Probably the most common and simplest way to operate as business is as a sole proprietorship. If you start up a business that has only one owner and you do not pick any other type of entity then you are deemed to be a sole proprietor. That is because there are no formal filing requirements or fees to pay if you want to be a sole proprietor. You don’t have to draft up any written agreements to become one you just start up your business, and it is deemed a sole proprietorship.
However, since you pay nothing to become one, there are not many benefits to being a sole proprietor. You as the owner are 100% liable for all the debts and obligations of the business. The business is taxed simply as part of your personal tax returns and management is vested in the sole owner of the company.
A general partnership at its simplest can be seen as a sole proprietorship that just has more then one owner. So in that respect is it the same in that there is no formal fling requirements and no written agreement required to become one. Like a sole proprietorship, the owners are all liable for the debts and obligations of the company. The twist is that each partner is jointly and severably liable for all the obligations of the partnership. That means a person suing the partnership can choose to collect from any partner and does not have to collect an equal amount from each partner.
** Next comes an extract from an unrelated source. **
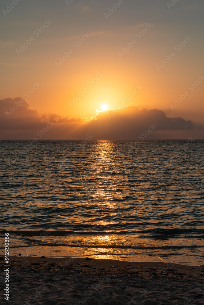 Dramatic colorful sunset sky over sea. Cloudscape nature background. Beautiful sunset over the sea. Sunset over the sea and beautiful cloudscape.

A general partnership is different from a sole proprietorship however in that there is a more formal management structure. Each partner has an equal vote unless they agree otherwise. Each partner can also bind the partnership, even if the other partners do not approve of a transaction. Since a single partner can bind the partnership, picking the right partner to work with becomes critical. Also a partner cannot sell his or her interest without the consent of the other partners.
As to tax matters, the partnership is not seen as a separate entity. For that reason the profits and losses flow equally to the partners.
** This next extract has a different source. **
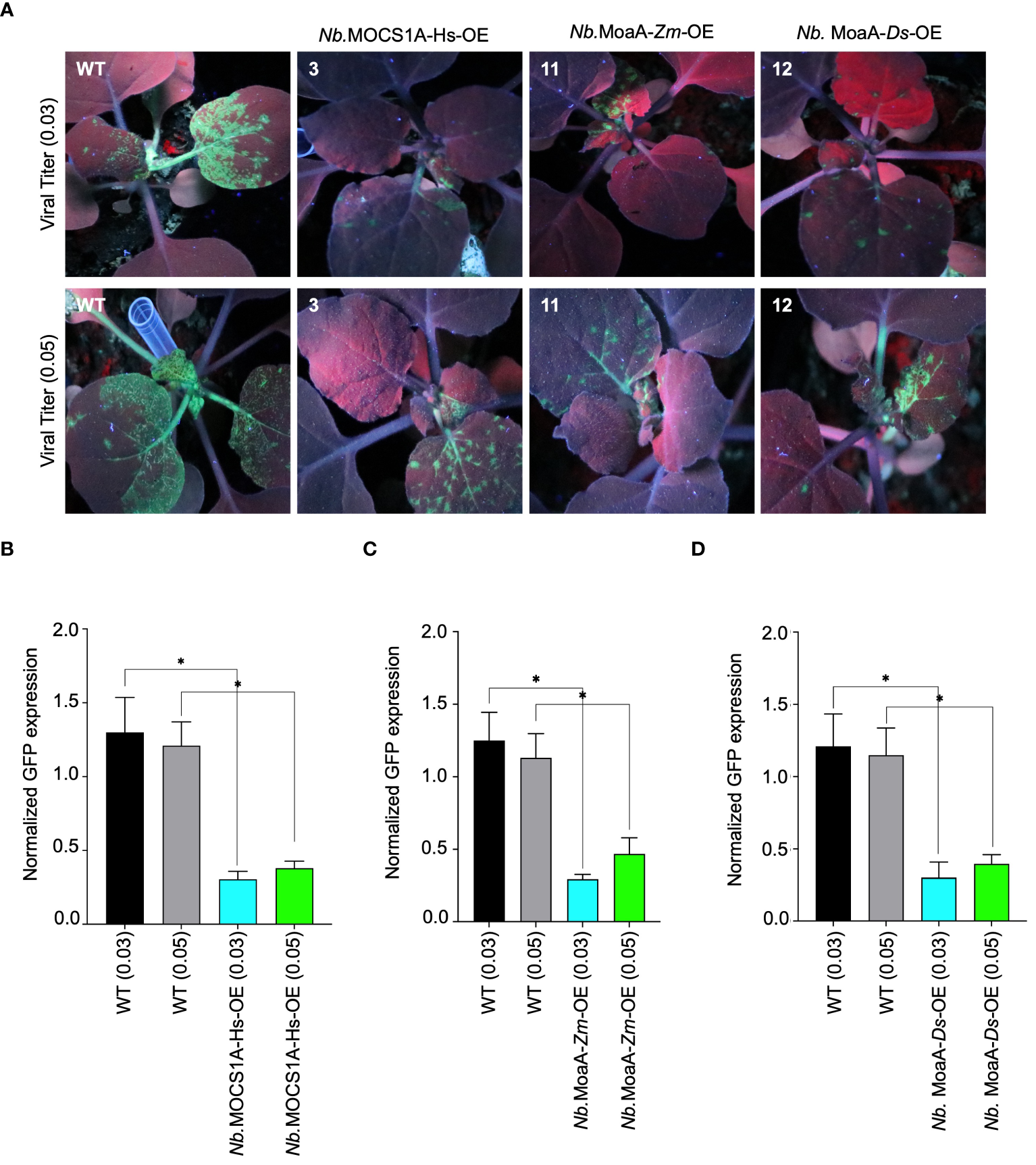 We then chose the potyvirus turnip mosaic virus (TuMV) as our target RNA virus and evaluated its pathogenicity on our stable plant lines. T2-generation data revealed varying interference levels among the tested lines challenged with TuMV-GFP (Supplementary Figure 3). Notably, N. benthamiana lines overexpressing molybdenum cofactor biosynthesis protein A (MOCS1A) from Homo sapiens, GTP 3’,8-cyclase (MoaA) from Zostera marina and Dunaliella Salina exhibited interference against TuMV-GFP. The identified resistant lines were then challenged with two TuMV-GFP titers (0.03 and 0.05 OD, based on the OD600 of the TuMV-carrying Agrobacteria used for inoculation). The results confirmed the resistance of these lines, as indicated by the reduced GFP fluorescence signal compared to the non-transgenic line (Figure 3A). RT-qPCR further confirmed the accumulation of less TuMV-GFP genomic RNA in the transgenic lines (Figures 3B–D). Additionally, a difference compared to the control was observed even when the viral titer was increased to 0.05, further confirming the resistance of these lines against TuMV-GFP.

By default, there is an oral partnership agreement consisting of all the agreed upon terms and conditions unless the partners enter into a written agreement. However, I always try to encourage my clients to enter into a written partnership agreement. Many times you may think you and your partner are in agreement as to the main points of the partnership. However, when partners try and reduce their agreement to writing they find out that the other side may not have the same understanding as to how the business is to operate.
This is the first of our entities that is recognized as a separate entity in the eyes of the law distinct from its owners. The corporation is recognized as perpetual in that it continues to exist in spite of the death of an owner or the fact that the ownership in the corporation is bought and sold.
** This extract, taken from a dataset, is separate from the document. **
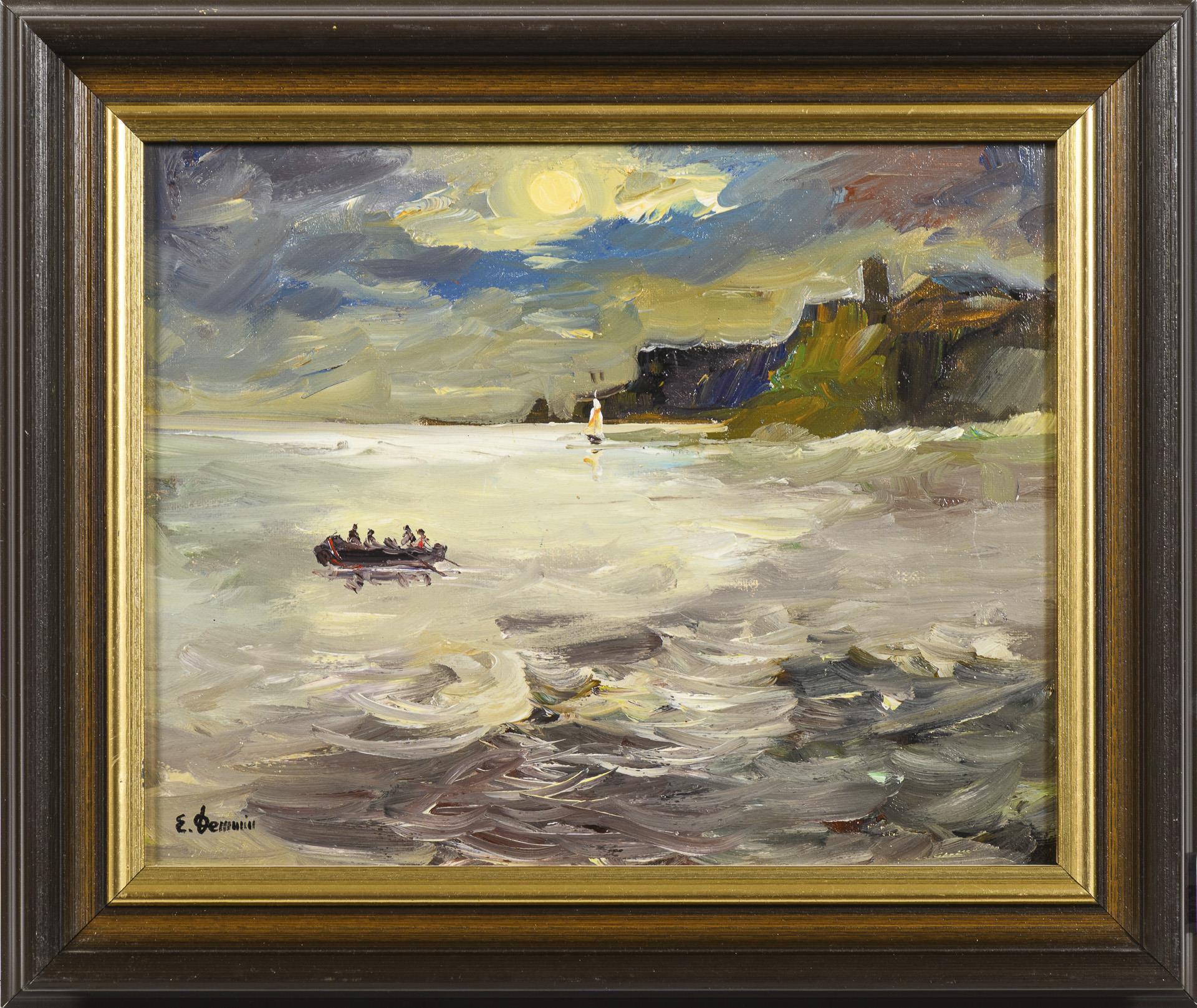 Heller Vollmond über dem Strand und dem ankommenden Ruderboot.

There are specific filing requirements for creating a corporation. The corporation must file articles of incorporation in the state of incorporation with the Secretary of State and pay fees in order to have the right to call itself a corporation. The main benefit to the owners is that the corporation, and not the owners, is liable for the debts and obligations of the business (putting aside the issue of personal guarantees).
The corporation has a much more formal structure and set of procedures. The owners of the corporation elect a board of directors that control policy and major decisions for the corporation. Officers elected by the board of directors handle day to day operations for the corporation. There are specific formalities that must be observed such as properly forming the corporation with bylaws and corporate minutes. In addition, the preparation of annual minutes and other formalities must be observed.
There are two types of corporations, the “C” and “S” types. By default all corporations start out as a “C” corporation. This means that the corporate profits are taxed at the corporate level and then profits are taxable to the owners if paid out as dividends. The old “double taxation” conundrum.
However, if you properly file form 2553 with the IRS, you can elect to be taxed as an “S” corporation. The benefit of being an “S” corporation is that the profits of the entity are not taxed at the corporate level, but are taxed as a pass-through to the owners as if they were in a general partnership. This gets rid of the double taxation issue and explains why most small businesses choose to make an “S” election.
Limited Liability Company:
Limited Liability Companies (“LLCs”) were adopted in the mid-1990s in order to allow for a type of hybrid entity. There was a need for businesses to be taxed on a pass through basis without having to go through all the formalities of being a corporation. So the LLC was developed as kind of merger of a partnership and corporation. I say that because the LLC provides the same type of protections for the owners like corporations in that they are not liable for the debts and obligations of the business. But, the LLC is generally taxed like a partnership and does not have all the same formal requirements of a corporation.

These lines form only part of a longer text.